→ PROBLEM: Take nothing but the lines from the one with "Lys og luftig" through the one with "点击【删除】按钮,可以删除对应的风险评价记录。" in the entries below, both ends kept, and return them exactly with pictures left out.

→ TASK DATA:
========================================
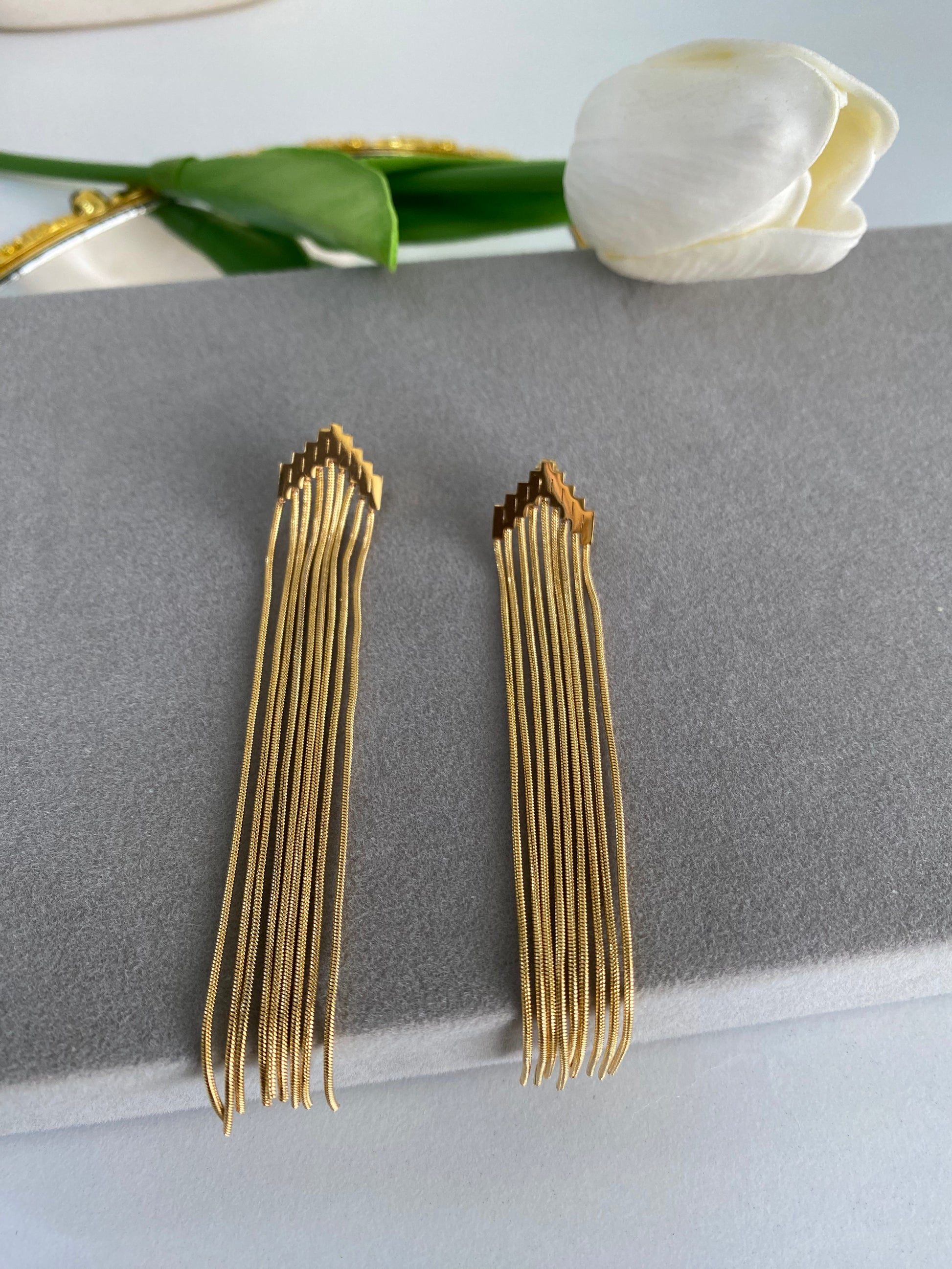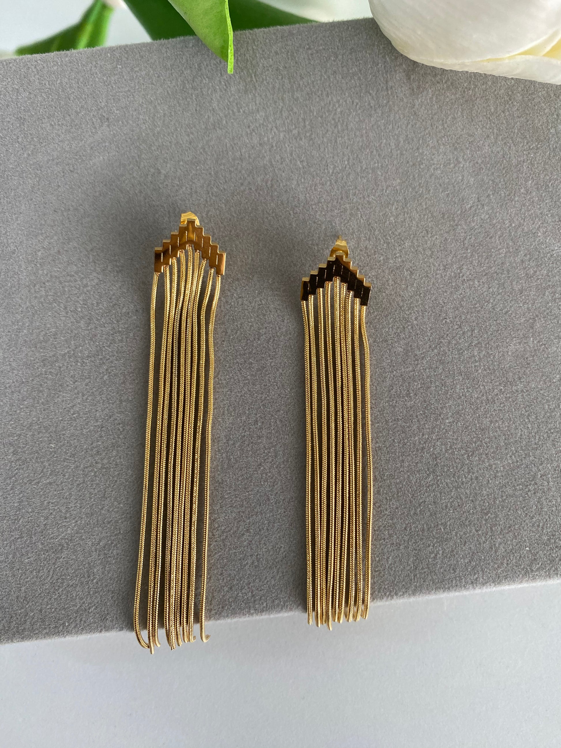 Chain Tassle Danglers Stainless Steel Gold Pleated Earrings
========================================
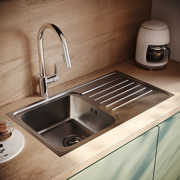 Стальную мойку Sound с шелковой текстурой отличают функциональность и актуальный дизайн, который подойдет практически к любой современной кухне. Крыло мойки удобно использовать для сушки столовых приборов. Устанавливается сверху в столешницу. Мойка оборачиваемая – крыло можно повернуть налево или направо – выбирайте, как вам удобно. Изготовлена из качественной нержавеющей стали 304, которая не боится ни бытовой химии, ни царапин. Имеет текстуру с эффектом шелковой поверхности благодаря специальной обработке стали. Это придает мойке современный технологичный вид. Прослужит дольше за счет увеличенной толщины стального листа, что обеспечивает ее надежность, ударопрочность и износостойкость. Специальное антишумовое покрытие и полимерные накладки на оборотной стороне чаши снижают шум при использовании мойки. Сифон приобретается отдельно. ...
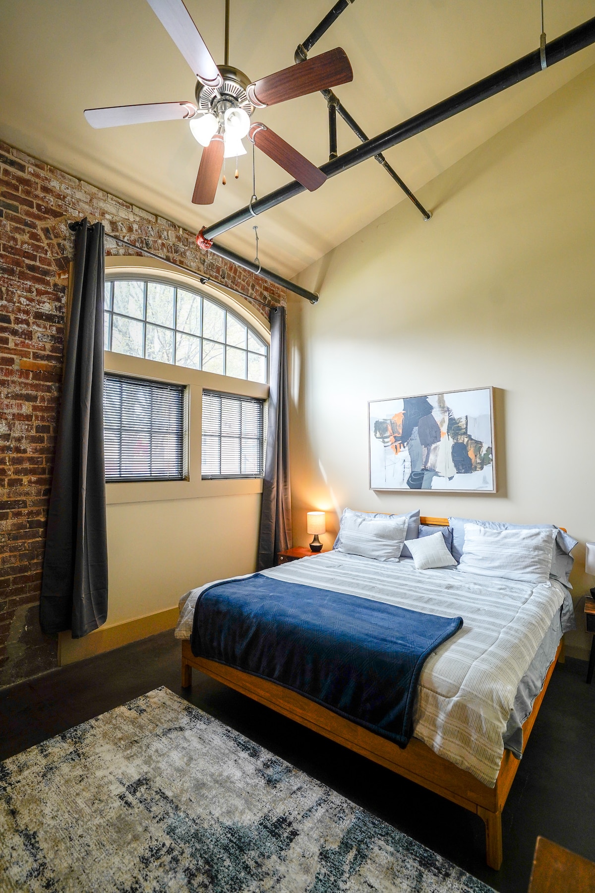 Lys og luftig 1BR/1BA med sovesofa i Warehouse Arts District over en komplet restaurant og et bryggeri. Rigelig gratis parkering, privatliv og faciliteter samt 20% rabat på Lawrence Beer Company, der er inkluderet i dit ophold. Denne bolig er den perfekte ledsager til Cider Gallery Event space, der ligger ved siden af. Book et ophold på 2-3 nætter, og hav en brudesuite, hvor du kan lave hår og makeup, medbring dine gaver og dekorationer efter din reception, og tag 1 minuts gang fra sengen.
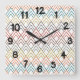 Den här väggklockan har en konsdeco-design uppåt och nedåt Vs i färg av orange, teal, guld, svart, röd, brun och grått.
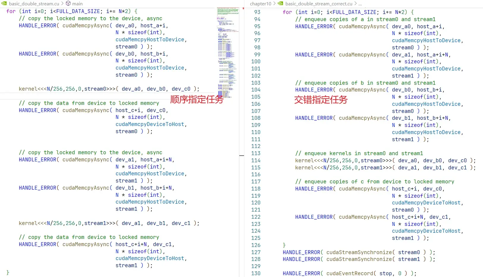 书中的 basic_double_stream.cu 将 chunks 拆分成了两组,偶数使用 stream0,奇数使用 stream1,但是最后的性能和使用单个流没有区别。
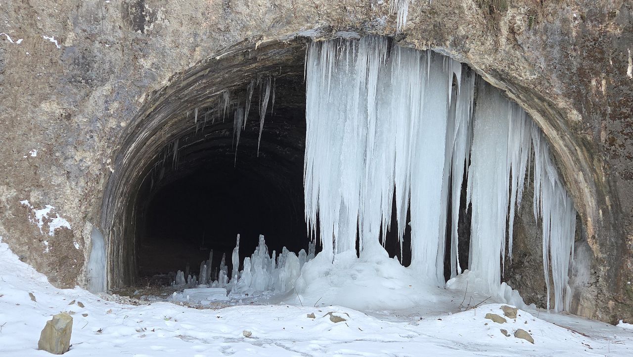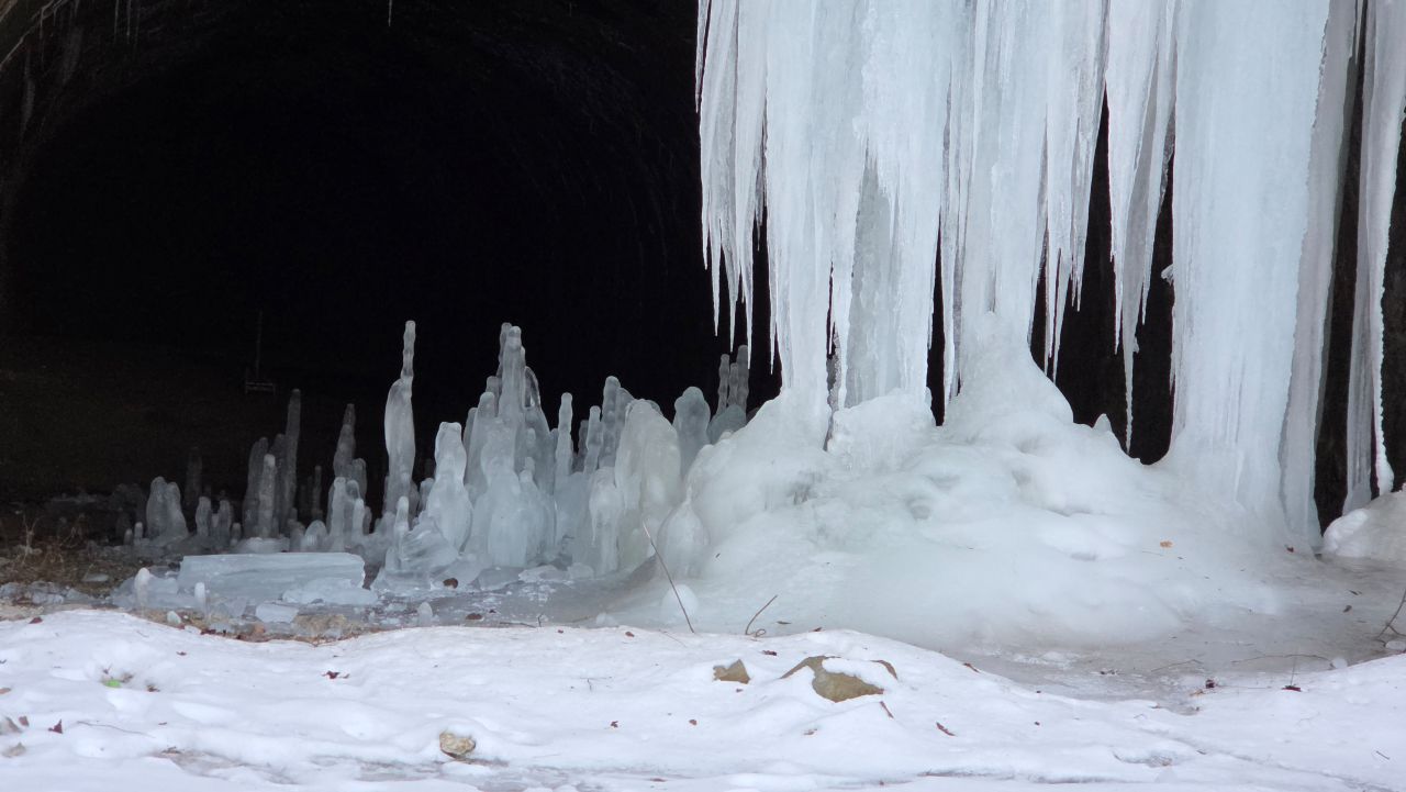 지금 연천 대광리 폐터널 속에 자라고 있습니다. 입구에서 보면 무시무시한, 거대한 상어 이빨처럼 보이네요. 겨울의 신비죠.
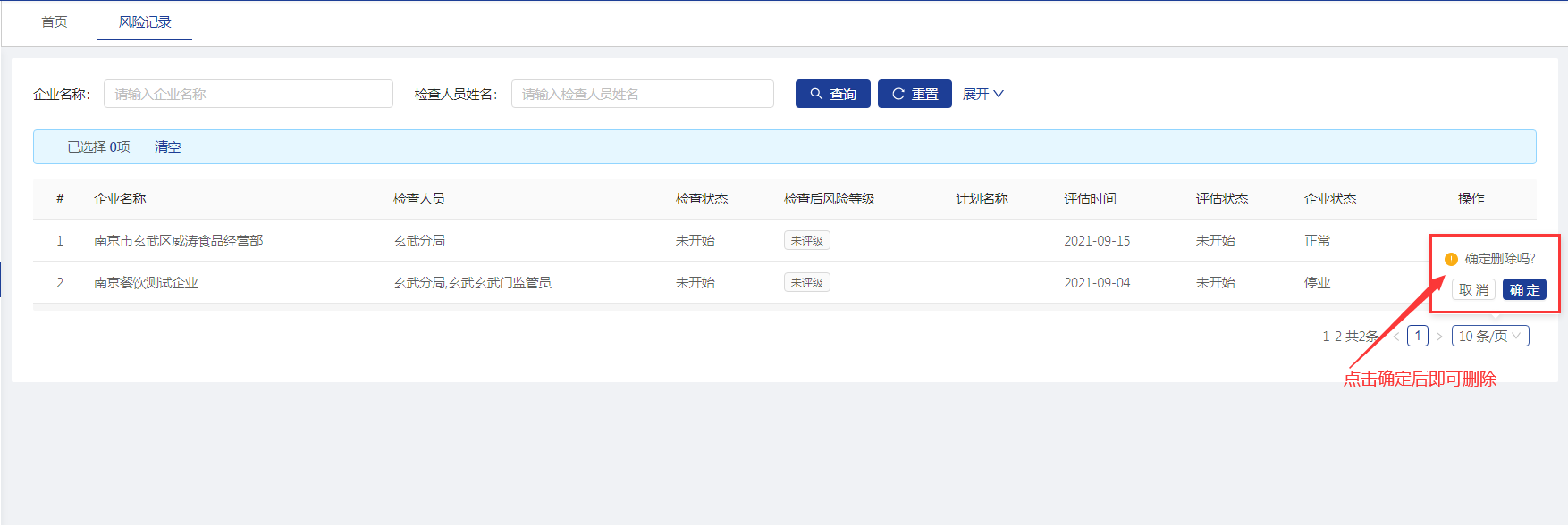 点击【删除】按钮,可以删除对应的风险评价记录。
========================================
→ RESULT FOR THIS EXERCISE:
 Lys og luftig 1BR/1BA med sovesofa i Warehouse Arts District over en komplet restaurant og et bryggeri. Rigelig gratis parkering, privatliv og faciliteter samt 20% rabat på Lawrence Beer Company, der er inkluderet i dit ophold. Denne bolig er den perfekte ledsager til Cider Gallery Event space, der ligger ved siden af. Book et ophold på 2-3 nætter, og hav en brudesuite, hvor du kan lave hår og makeup, medbring dine gaver og dekorationer efter din reception, og tag 1 minuts gang fra sengen.
 Den här väggklockan har en konsdeco-design uppåt och nedåt Vs i färg av orange, teal, guld, svart, röd, brun och grått.
 书中的 basic_double_stream.cu 将 chunks 拆分成了两组,偶数使用 stream0,奇数使用 stream1,但是最后的性能和使用单个流没有区别。
 지금 연천 대광리 폐터널 속에 자라고 있습니다. 입구에서 보면 무시무시한, 거대한 상어 이빨처럼 보이네요. 겨울의 신비죠.
 点击【删除】按钮,可以删除对应的风险评价记录。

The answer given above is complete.